# Garden !



## rjdpj (Dec 14, 2012)

Okay so this summer ill be doing a garden and i know I'm going to grow herbs for teas and stuff but what else should i grow ? I have plenty of room , so give me a list and tips on how to grow them more efficiently !


----------



## *Andi (Nov 8, 2009)

Grow what you will eat and eat what you grow ...

It is that simple ... Happy gardens.


----------



## rjdpj (Dec 14, 2012)

*Andi said:


> Grow what you will eat and eat what you grow ...
> 
> It is that simple ... Happy gardens.


Well said !


----------



## *Andi (Nov 8, 2009)

I'm sorry ... that sounds a little short after I reread it. 

How about ... what are some of the things you know you (family) like to eat (lettuce, green beans & etc)and we will go from there.


----------



## kyredneck (Aug 12, 2012)

Are you a Georgia native? SURELY you like collards......


----------



## UncleJoe (Jan 11, 2009)

Grow things that you are able to preserve for winter through canning or drying.

I do beets, 2 types of beans, carrots, potatoes, pepper, tomato, broccoli, zucchini, lettuce, spinach, peas, cucumber and a few other things. Whatever doesn't get used fresh is canned, dried or frozen. 

For dinner tonight we had pork chops with mashed potatoes, wax beans and homemade applesause. Both sides were from last years garden.


----------



## rjdpj (Dec 14, 2012)

kyredneck said:


> Are you a Georgia native? SURELY you like collards......


Well , don't you just know your southerns  ! Yes i am and i do !


----------



## Davarm (Oct 22, 2011)

rjdpj said:


> Well , don't you just know your southerns  ! Yes i am and i do !


Collards dehydrate well and taste great rehydrated and cooked up, grow all you can.


----------



## kyredneck (Aug 12, 2012)

Davarm said:


> Collards dehydrate well and taste great rehydrated and cooked up, grow all you can.


Can you direct me to a post/link on how you do it, including rehydrating and cooking? I'd appreciate it.


----------



## Cud579 (Apr 26, 2010)

www.easy-food-dehydrating.com and www.dehydratetostore.com
I have used both websites for dehydrating and rehydrating instructions.
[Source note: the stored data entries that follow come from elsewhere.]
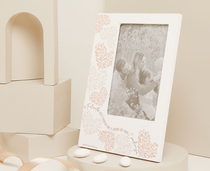 Elegante portafoto in legno firmato Claraluna, con un delicato decoro floreale rosa che avvolge il bordo, donando un tocco romantico e raffinato. Le dimensioni generose di 15x21 cm permettono di esporre una foto importante, rendendo questo portafoto ideale per celebrare momenti speciali come matrimoni, battesimi, anniversari e comunioni. La struttura in legno conferisce solidità e durevolezza, garantendo che i tuoi ricordi siano esposti in maniera elegante e sofisticata.
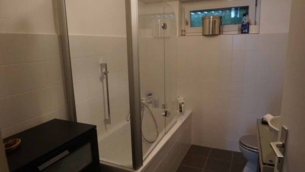 Im Gartengeschoss (Einliegerwohnung) sind die großen Zimmer ausschließlich mit Holzparkett belegt. Das Badezimmer hier wurde vor wenigen Jahren teilsaniert und modern mit dunklen Bodenfliesen und hellen Wandfliesen versehen. Auch in dieser Wohnung ist die Ausstattung der Einbauküche hinsichtlich des Mobiliars und technischen Hausgeräte nicht vollständig.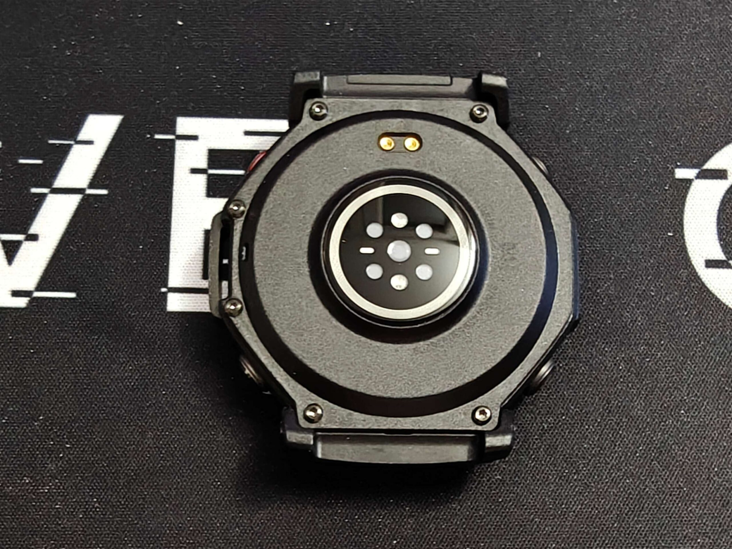 Nella parte posteriore, troviamo il sensore per il battito cardiaco e gli attacchi magnetici per la basetta di ricarica.

Both are very informative.


----------



## oif_ghost_tod (Sep 25, 2012)

I find it so hard to think about gardening as we just shoveled out from a winter storm.

When it is finally spring I will definitely be quadrupling my garden from last year and will be growing all kinds of stuff.
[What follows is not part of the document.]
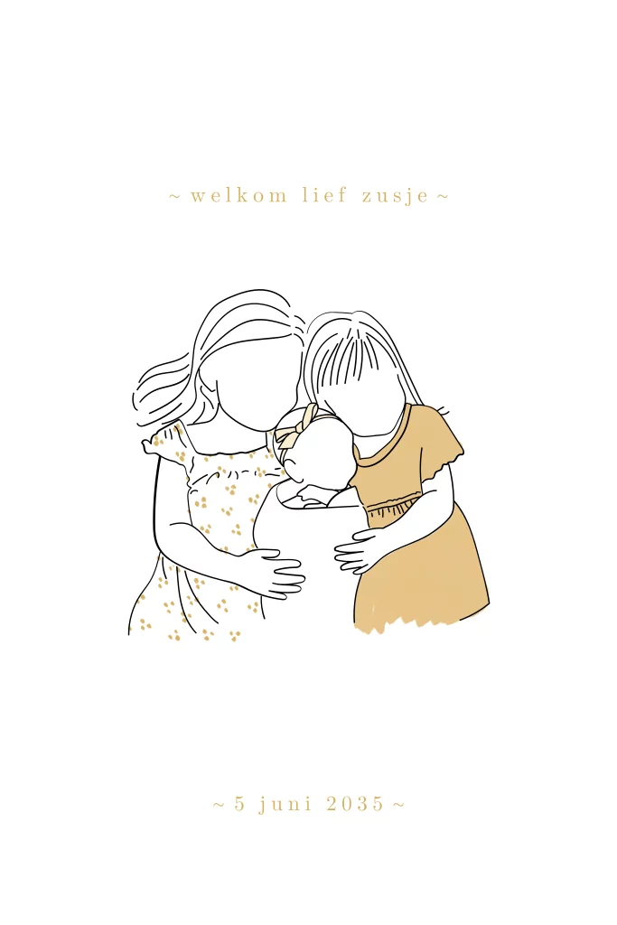 Lijntekening geboortekaartje met zusjes en goudfolie

I would suggest growing carrots, radishes, lettuces, several types of beans, peas, broccoli, brussel sprouts, tomatoes, cucumbers (mmmm...pickles), and anything else you enjoy eating.
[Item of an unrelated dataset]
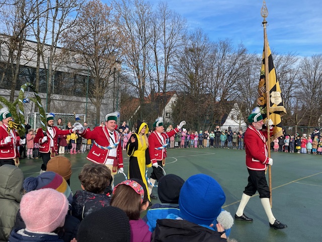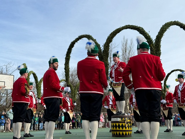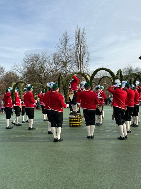 Am 12. Februar durften wir etwas ganz Besonderes erleben: Die Münchner Schäffler kamen zu Besuch und traten auf dem Sportplatz unserer Grundschule auf. Die mutigen Tänzerinnen und Tänzer zogen mit farbenfrohen Trachten, mitreißender Musik und eindrucksvollen Bewegungen die Aufmerksamkeit aller Schülerinnen und Schüler auf sich. Schon beim ersten Rhythmus der Schäfflermusik erfüllte eine fröhliche, ausgelassene Stimmung den Platz.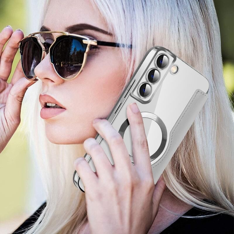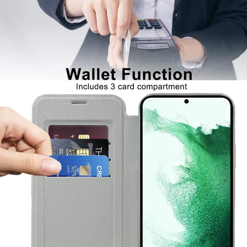 Θήκη τηλεφώνου δερμάτινη με προστασία MagSafe, RFID και αντι-κλοπής για Samsung Galaxy S22+ 5G (Γκρι)

If you won't eat it (and no one else in your family will either) then don't even bother buying the seeds, as your efforts will be better used on growing the things you enjoy.


----------



## PackerBacker (Dec 13, 2012)

If i grew nothing else I'd still have to have collards and spinach. broccoli'd have to be right after those.

My best spinach is started indoors and set out as plants.


----------



## Davarm (Oct 22, 2011)

kyredneck said:


> Can you direct me to a post/link on how you do it, including rehydrating and cooking? I'd appreciate it.


I dont think I've ever posted a "How-To" on it but its easy to do. Just cut the thick center vein out, chop the leaves into desired size and put them in your dehydrator. I dry them at a low heat until they are completely dry and crispy.

To rehydrate them, I just pour boiling water over them and let them sit for a while and eat with a little butter. If you prefer, you can boil them with ham, bacon or "fat back" like they were fresh.

Collards are pretty resilient, they dehydrate and cook up pretty much like fresh without loosing much in the process.

If the center veins that were cut out are tender, I chop dehydrate them separately and put them in soups and stir fry's. I dry them separately because they take so much longer to dry than the rest of the leaves.


----------



## kyredneck (Aug 12, 2012)

Thank you Davarm! Lord willing I'm gonna try some dried collards this year, just to see.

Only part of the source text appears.